2020's great undoing: Society snaps back after year of seismic change
Published Date: 4/28/2024
Source: axios.com

Many of the seismic societal shifts that took root in 2020 — a year of unprecedented disruptions to American health, wealth and civil harmony — are in the process of being partially or fully reversed.

Why it matters: The head-spinning snapbacks reflect a society still struggling to find its footing — and learn the right lessons — after a once-in-a-lifetime pandemic, nationwide racial unrest, and one of the most divisive elections in U.S. history.


Driving the news: In recent weeks, employers have cracked down on workplace protests against Israel's war in Gaza — a remarkable shift from 2020, when Corporate America embraced activism and aligned with the Black Lives Matter movement.

  • "This is a business, and not a place ... to fight over disruptive issues or debate politics," Google CEO Sundar Pichai warned in a note to staff last week after the tech giant fired more than 50 protesting employees.

The big picture: Across politics, business, education and the economy, a number of the sudden, radical shifts we experienced in 2020 have proven short-lived.

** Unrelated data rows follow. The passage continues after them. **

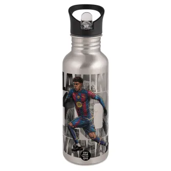 Lamine Yamal (Λαμίν Γιαμάλ), Παγούρι νερού Ασημένιο με καλαμάκι, ανοξείδωτο ατσάλι 600ml
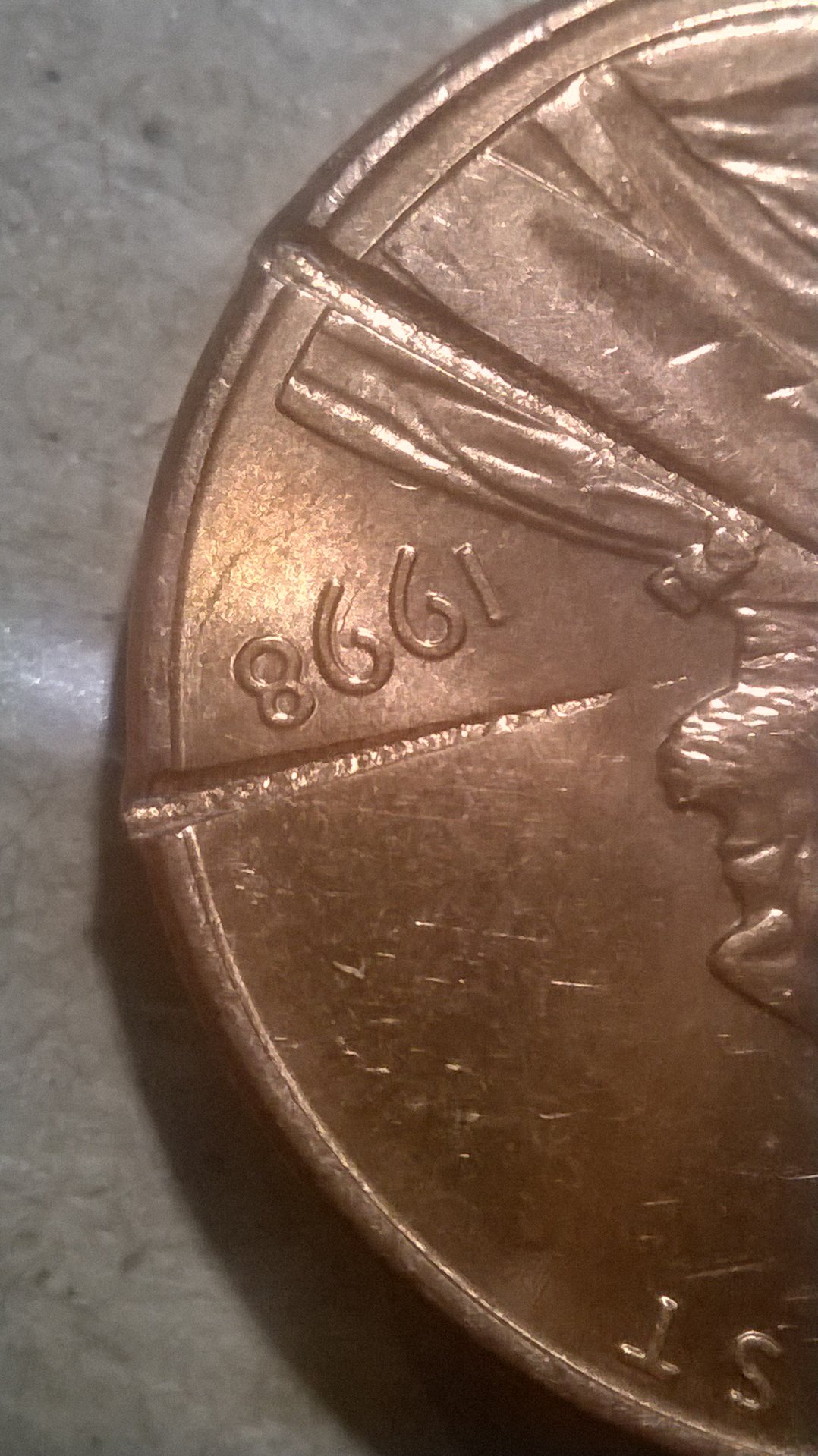 It is not fully snipped and that is why you don't see the inner part of the cent. It was just pressed hard enough to cause the gouge.. sorry buddy not an error.
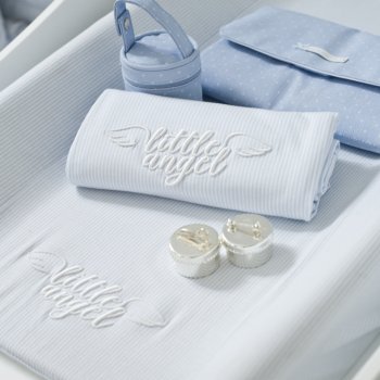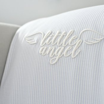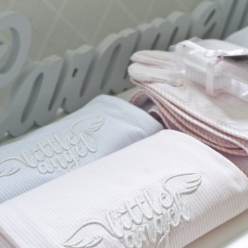 Kinga Korta was looking for a high-quality baby accessories. Considering hot Californian climate she has decided for textiles from Little Angel Collection made of soft cotton jersey as well as customized products. Most of accessories are decorated with a special embroderies with the name of her baby.
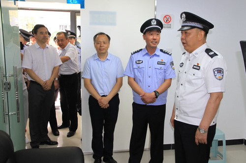 郭永存对李建中一行来校调研指导表示欢迎,对省、市公安机关多年来对我校安全稳定工作给予的支持表示感谢。他简要介绍了学校基本情况,重点就校园综合警务站的主要服务功能、警务站在校园安防中发挥的主要作用以及我校在安全稳定工作方面的积极举措作了介绍。他表示,学校将继续加强警务站建设工作,大力支持和全面深化警校安全防范联动机制建设,加强与公安机关的沟通,进一步深化服务学校发展、方便师生办事的相关举措,总结好警校共建成功经验,构建更加完善的警校联动和警务站运行机制,不断加强师生安全教育和治安管理,大力推进平安和谐校园建设。
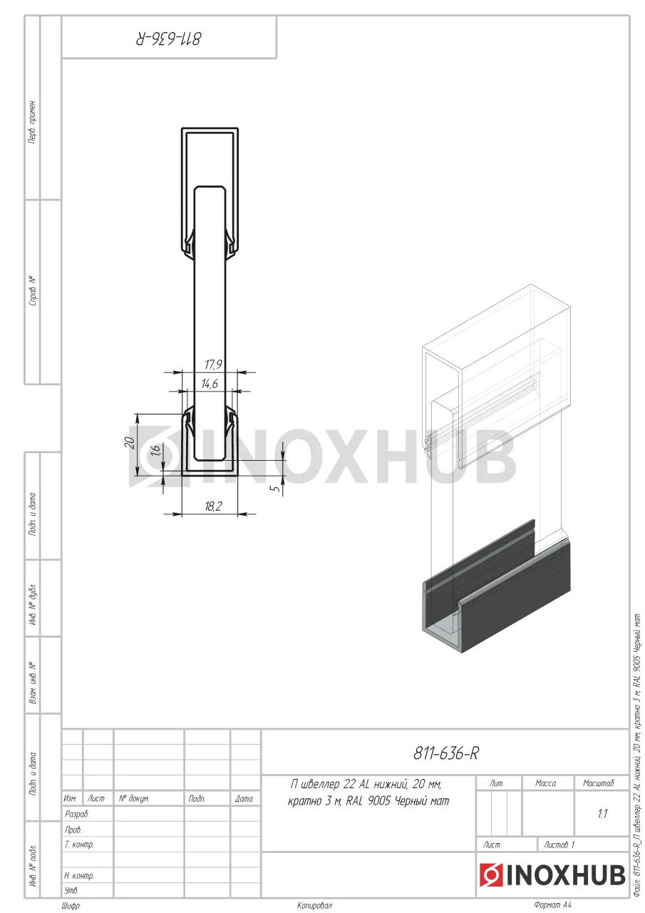 П швеллер 22 AL нижний, 20 мм, кратно 3 м, RAL 9005 Черный мат

1. DEI: America's racial justice reckoning after the police murder of George Floyd in 2020 led many organizations to hire diversity officers and invest heavily in efforts to address racial inequality.

  • Over the past two years, conservatives have waged a remarkably successful war against those initiatives — prompting many companies to cut DEI funding and drop racial justice as a talking point.

2. Policing: Amid the 2020 protests and calls to defund the police, a number of cities cut their law enforcement budgets.

  • The next year, many of those cities — including New York, Los Angeles, Denver and Dallas — restored and even increased police funding in response to surging violent crime.
  • Police reforms are now being rolled back in cities and states across the country, with "defund the police" shifting from a progressive slogan to a Republican weapon that very few Democrats align with.

3. Immigration: During his 2020 campaign, President Biden cast former President Trump's harsh border policies as part of a "battle for the soul of the country" that inspired his decision to run.

  • Amid a record wave of migrants illegally crossing the border over the last several years, Biden is now considering a dramatic executive order that would impose Trump-like restrictions on asylum-seekers.
  • Half of Americans — including 42% of Democrats — say they'd support mass deportations of undocumented immigrants, according to an Axios Vibes survey by The Harris Poll released Thursday.

4. Work from home: Many companies that embraced permanent remote work during the pandemic changed their attitudes and instituted return-to-office policies, as executives lamented a loss of creativity and collaboration.

  • Most American downtowns saw a bump in visitor activity between March 2023 and February 2024, indicating that struggling cities are finally recovering — albeit slowly — from the pandemic.

5. Standardized testing: In recent months, Harvard, Yale, Brown and Dartmouth all reinstated standardized tests requirements for admission after dropping them during the pandemic.

  • While universities originally nixed the requirements out of necessity to prevent in-person gathering, the policies were bolstered by arguments that the exams perpetuated economic inequality.

The other side: Plenty of pandemic novelties — including the COVID-19 virus itself — are here to stay. Americans continue to spend heavily on home delivery, for example, even with the era of lockdowns long behind us.

Between the lines: Many of 2020's major societal shifts were facilitated and cheered by liberal-leaning Americans.